Problem details:
What are the lines from the one with "Six Al Foss" through the end of the records below, written out exactly and without the pictures?

Data to process:
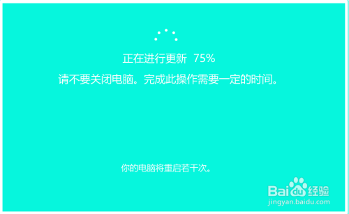 第三步:电脑第 3 次从头启动今后,更新进级从75% ~ 100%,电脑第 4 次重启;
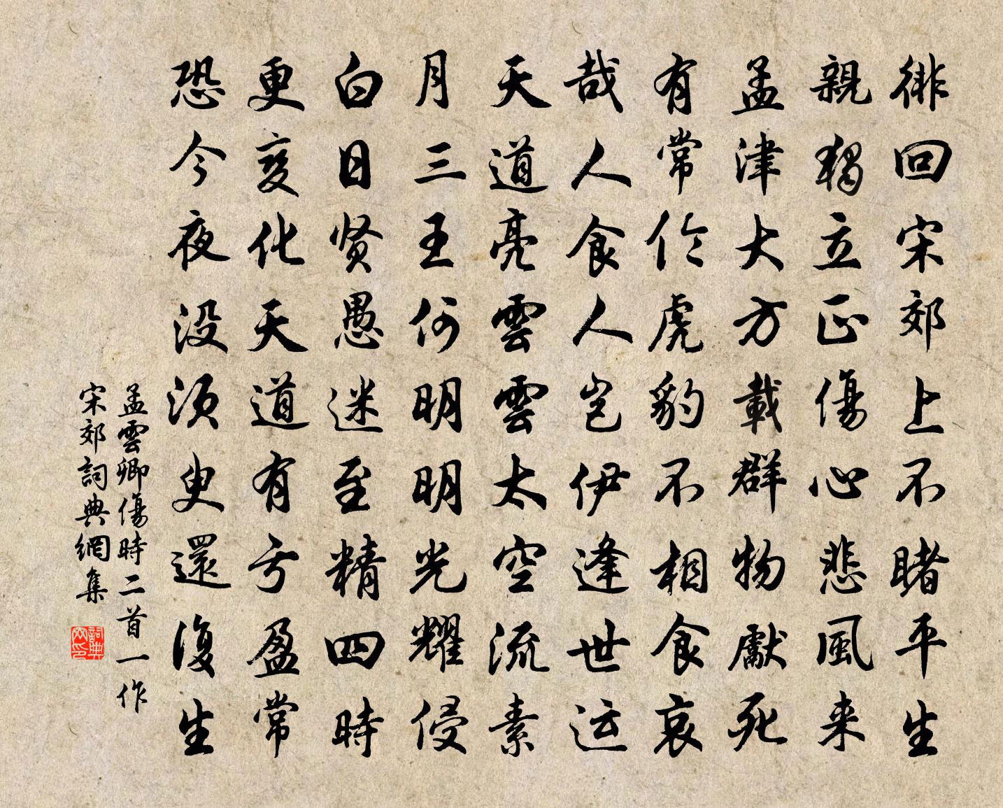 詩詞名句歷史字典書法欣賞書法字典國語詞典說文解字康熙字典古漢語字典標 題 作 者 詩 句 傷時二首(一作宋郊)作者:孟雲卿 朝代:唐代傷時二首(一作宋郊)原文徘回宋郊上,不睹平生親。獨立正傷心,悲風來孟津。大方載群物,先死有常倫。虎豹不相食,哀哉人食人。豈伊逢世運,天道亮云云。太空流素月,三王何明明。光耀侵白日,賢愚迷至精。四時更變化,天道有虧盈。常恐今夜沒,須臾還復生。詩詞問答問:傷時二首(一作宋郊)的作者是誰?答:孟雲卿問:傷時二首(一作宋郊)寫於哪個朝代?答:唐代孟雲卿傷時二首(一作宋郊)書法欣賞傷時二首(一作宋郊)書法作品注釋全唐詩:卷157_10詩詞推薦念奴嬌(次賈子濟韻)郭應祥〔宋代〕瓊苞玉屑,問天公、底事亂拋輕墜。城郭山川都一樣,那得個般清氣。謝女才情,如何只道,柳絮因風起。比梅差和立齋橘花韻王柏〔宋代〕梅花已仙去,草木同蕕薰。萬物競妖冶,二氣勞氤氳。南服有橘隱,春風罔知聞。濃露浥清曉,落月籠夜分。玉圓句張嵲〔宋代〕白水汪汪滿稻畦,樟花零落遍前溪。祭九鼎十二首真宗〔宋代〕法乾剛兮,鑄鼎奠方。涓嘉旦兮,齊明迎祥。胡為持幣,維箱及筥。胡為和羹,有錡維金。和余天開見寄余宏孫〔宋代〕春樹君今吟渭北,林塘我已卜溪西。賞心樂事優遊處,花自飛飛鳥自啼。徒行短歌次前輩韻陸游〔宋代〕風吹短衣雙鬢白,老人徒步歸鄉國。數樹丹楓野店西,一川紅蓼溪橋北。芒鞋有賣百無憂,過盡青山到渡頭。更求依韻和宋中道見寄梅堯臣〔宋代〕歲在涒灘初別子,子適廣平裨郡理。廉頗台傾有遺址,今逢四方弓久弛。時不用兵皆樂鄉,念我貧居天子庠。抱經送王通判葉適〔宋代〕左原冢孫產巴東,山靈地秀兼長雄。自小赤心天與通,可惜五十方治中。北風吹沙暗中渡,不合吹君落南去。水有夜寒行戴表元〔宋代〕昨日天寒不成醉,今日天寒不成寐。醉遲得酒可強歡,寐少愁多亦頻喟。紫竿葦炬鬧荒城,役夫遙作鸛鴨鳴。擁衾雨後登吸江亭釋紹嵩〔宋代〕吸江亭下雨初晴,中有樵夫跣足行。時作微吟清徹骨,茲游無乃太清生。第一百八十五文天祥〔宋代〕蕭條四海內,慷慨有餘悲。路逢相識人,開懷無愧辭。書齋獨坐鄭清之〔宋代〕避事寧違俗,端居悟及身。穎泓供媵御,方冊替親賓。室暗月闌入,庭空花自陳。所安惟適耳,誰復辨秋春。小齋劉克莊〔宋代〕小齋自理畫並琴,匣貯香薰怕蠹侵。出塞已忘傳檄夢,入山猶有著書心。南船不至城無米,北貨難通藥闕參。卻為香山詹中正〔宋代〕浪兀孤舟一葉輕,香山登步覺神清。幾多怪石全勝畫,大半奇花不識名。猿狖盡當吟里見,煙霞祗向眼前生。官身晚霽錢時〔宋代〕斑駁天穿漏,驚奔浪疊空。山留宿雨碧,雲受夕陽紅。蠶麥關時務,鶯花怯老翁。乾坤方寸地,今古一絲風。詠史下蜀先主陳普〔宋代〕北投南走若窮猿,極目蒼梧欲斷魂。如許英雄不成事,止緣的是靖王孫。菩薩蠻韋莊〔唐代〕勸君今夜須沉醉,樽前莫話明朝事。珍重主人心,酒深情亦深。須愁春漏短,莫訴金杯滿。遇酒且呵呵,人生能幾山居雜詩九十首曹勛〔宋代〕人惠九皋禽,應節每對舞。縶彼雲漢心,成我閒靜趣。六翮不忍剪,深徑任翔翥。一舉遨天風,應到逍遙處。次韻馮弋同年蘇轍〔宋代〕細雨濛濛江霧昏,坐曹聊且免泥奔。賣鹽酤酒知同病,一笑何勞賦北門。朱師關畫梅溪春曉圖張鎡〔宋代〕梅溪之水何清哉,萬頃玉碧天邊來。兩山拱挹各異狀,上有磅礴巨石菜落生莓苔。松蘿籠蒙共糾結,帶映萬蕊紛瑤名句推薦捲地風來忽吹散,望湖樓下水如天。蘇軾《六月二十七日望湖樓醉書》 心事孤山春夢在,到思量、猶斷詩魂吳文英《極相思·題陳藏一水月梅扇》 中州遺恨,不知今夜幾人愁。辛棄疾《水調歌頭·和馬叔度游月波樓》 貨無大小,缺者便貴。馮夢龍《醒世恆言·卷三十五》 三春已暮花從風,空留可憐與誰同。蕭衍《東飛伯勞歌》 幾度東風吹世換,千年往事隨潮去。戴復古《滿江紅·赤壁懷古》 臣聞君子樂得其志,小人樂得其事。姜子牙《六韜·文韜·文師》 疾風知勁草,板蕩識誠臣。李世民《賜蕭瑀》 潭潭大度如臥虎,邊頭耕桑長兒女黃庭堅《送范德孺知慶州》 長江一帆遠,落日五湖春。劉長卿《餞別王十一南遊》
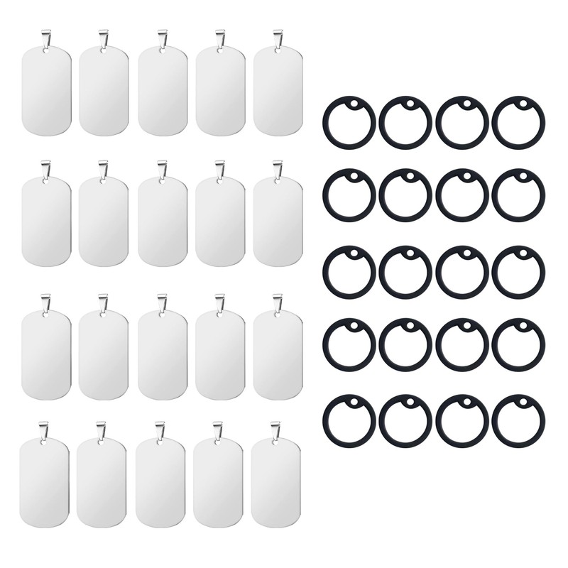 - Each 20-piece set allows you to use it without worrying about the remaining charge of the bag: This set includes 20 dog tags and 20 silencers for plenty of DIY fun. Used by handmade workshops, accessory writers and DIY hobbyists
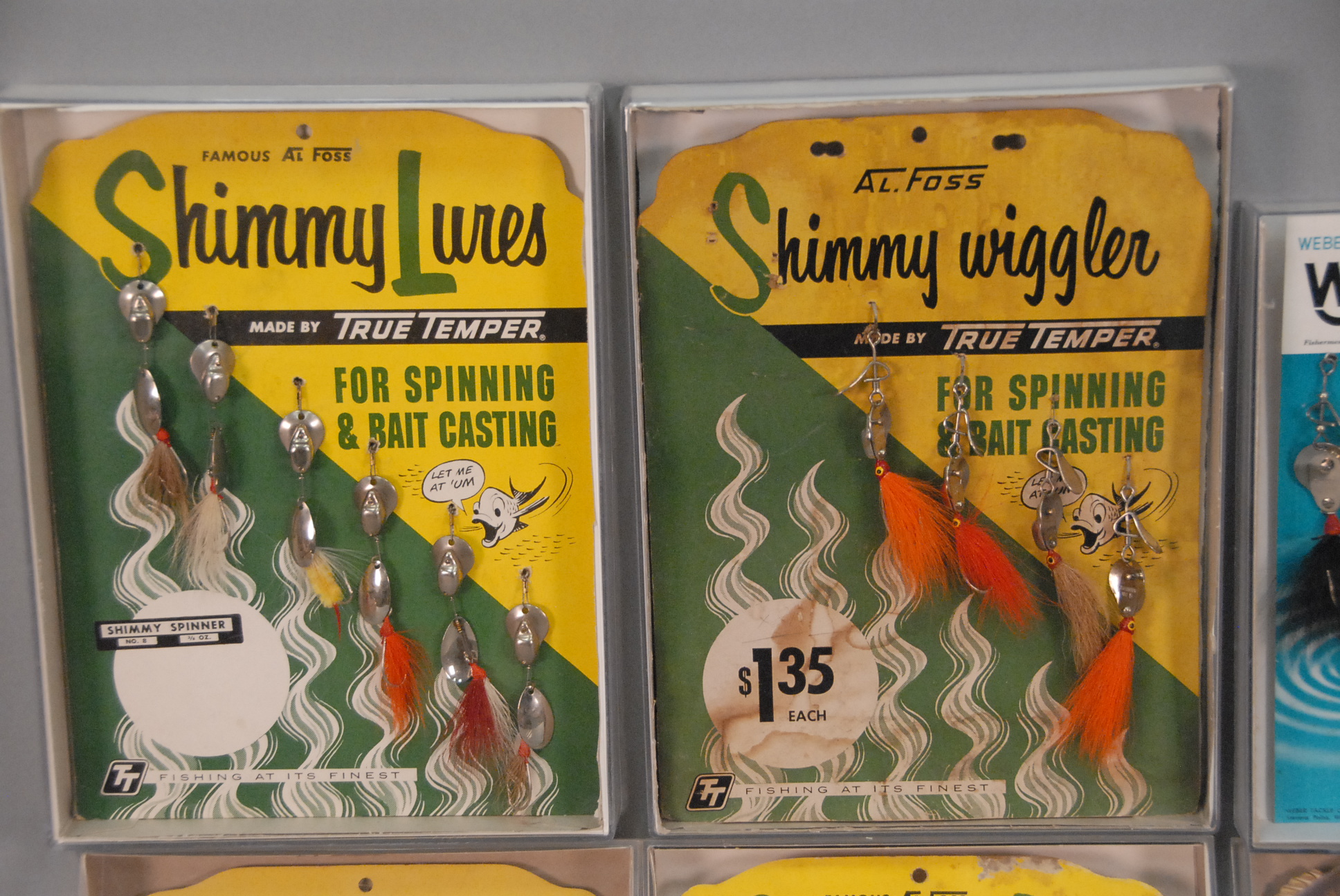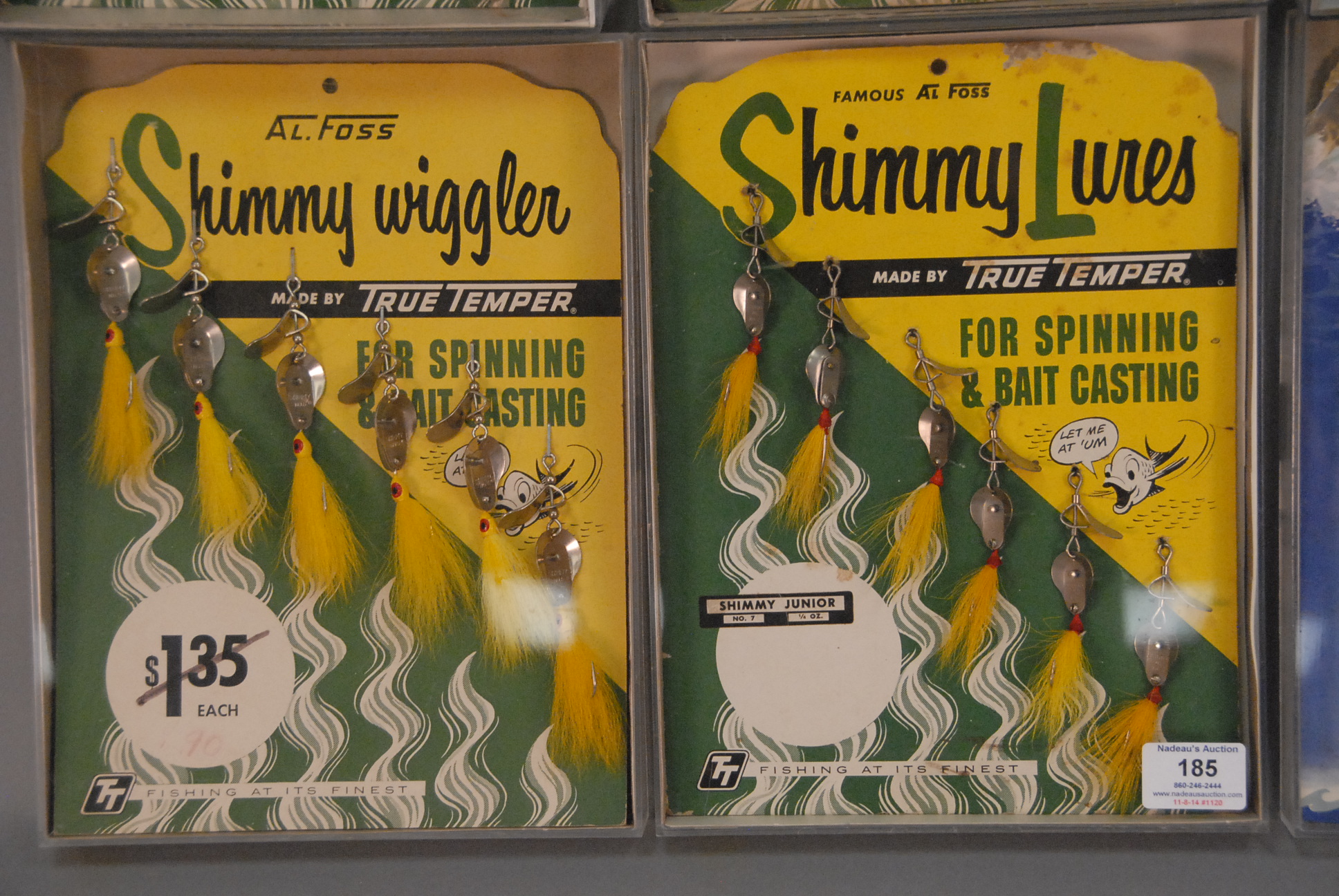 Six Al Foss True Temper cardboard display boards with twelve Shimmy Lures and ten Shimmy Wigglers.
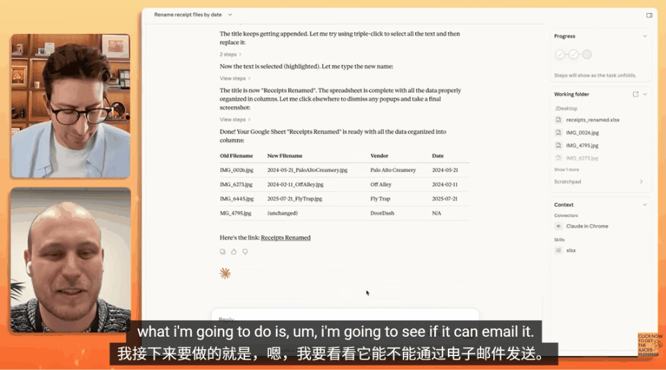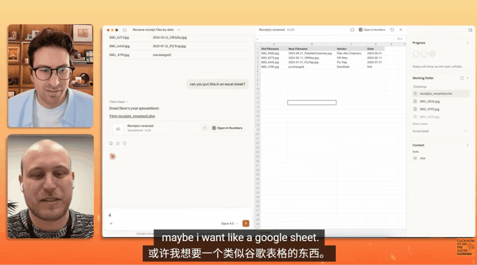 话不多说,Boris直接共享了屏幕,展示了Cowork的实战能力。
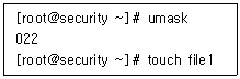 다음과 같이 시스템에 설정된 umask 값이 '022'인 경우, 파일(file1)을 생성하였을 때 생성된 파일의 접근권한은?
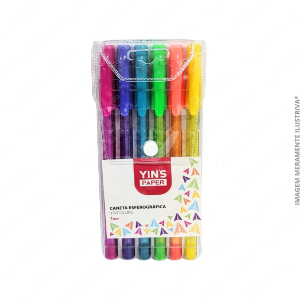 | Nome | Caneta Esferografica Yincolors 1.0mm Ponta Media Kit c/ 6 Cores (YP8652) |
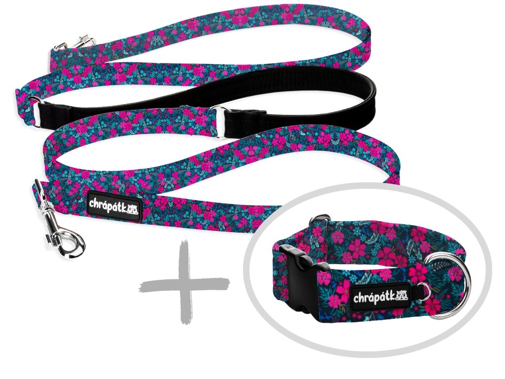 Stylový set obojku a přepínacího vodítka v designu Style Flowers – odolný, pohodlný a bezpečný pro každou procházku.
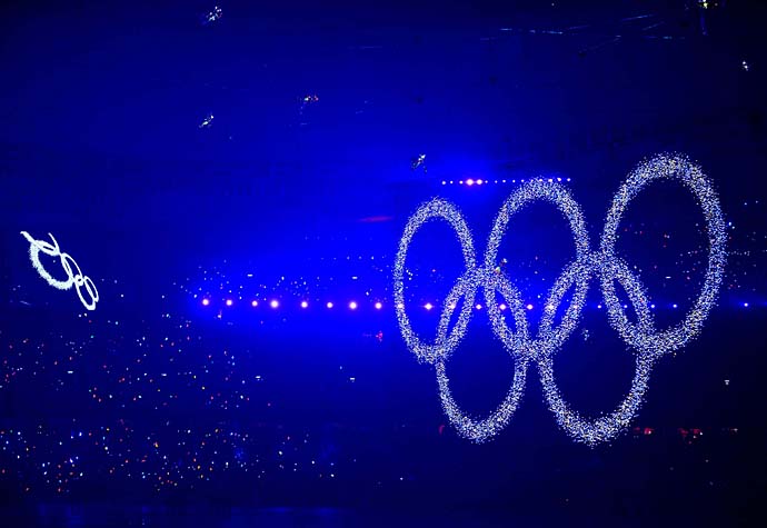 8月8日晚8時(shí),第29屆夏季奧林匹克運(yùn)動(dòng)會(huì)在國家體育場——“鳥巢”隆重開幕。這是開幕式上閃閃發(fā)光的夢幻五環(huán)出現(xiàn)在“鳥巢”。
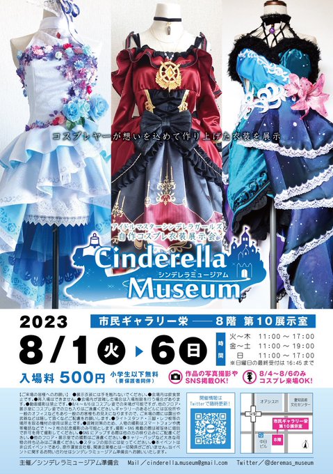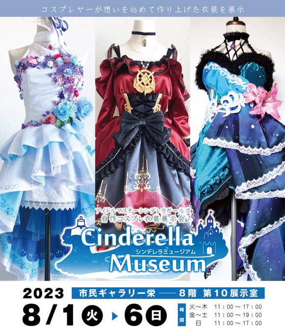 8月1日(火)〜6日(日)名古屋市民ギャラリー栄 【コスプレ衣装展シンデレラミュージアム】 火〜木曜日の開催時間が11時〜16時➡️11時〜17時に変更になりました! 平日はゆっくりご覧いただけますので是非お越しください♪ 衣装展示の応募は5/30まで!お申込はこちら docs.google.com/forms/d/1sVoOa… #デレアム

Task output:
 Six Al Foss True Temper cardboard display boards with twelve Shimmy Lures and ten Shimmy Wigglers.
 话不多说,Boris直接共享了屏幕,展示了Cowork的实战能力。
 다음과 같이 시스템에 설정된 umask 값이 '022'인 경우, 파일(file1)을 생성하였을 때 생성된 파일의 접근권한은?
 | Nome | Caneta Esferografica Yincolors 1.0mm Ponta Media Kit c/ 6 Cores (YP8652) |
 Stylový set obojku a přepínacího vodítka v designu Style Flowers – odolný, pohodlný a bezpečný pro každou procházku.
 8月8日晚8時(shí),第29屆夏季奧林匹克運(yùn)動(dòng)會(huì)在國家體育場——“鳥巢”隆重開幕。這是開幕式上閃閃發(fā)光的夢幻五環(huán)出現(xiàn)在“鳥巢”。
 8月1日(火)〜6日(日)名古屋市民ギャラリー栄 【コスプレ衣装展シンデレラミュージアム】 火〜木曜日の開催時間が11時〜16時➡️11時〜17時に変更になりました! 平日はゆっくりご覧いただけますので是非お越しください♪ 衣装展示の応募は5/30まで!お申込はこちら docs.google.com/forms/d/1sVoOa… #デレアム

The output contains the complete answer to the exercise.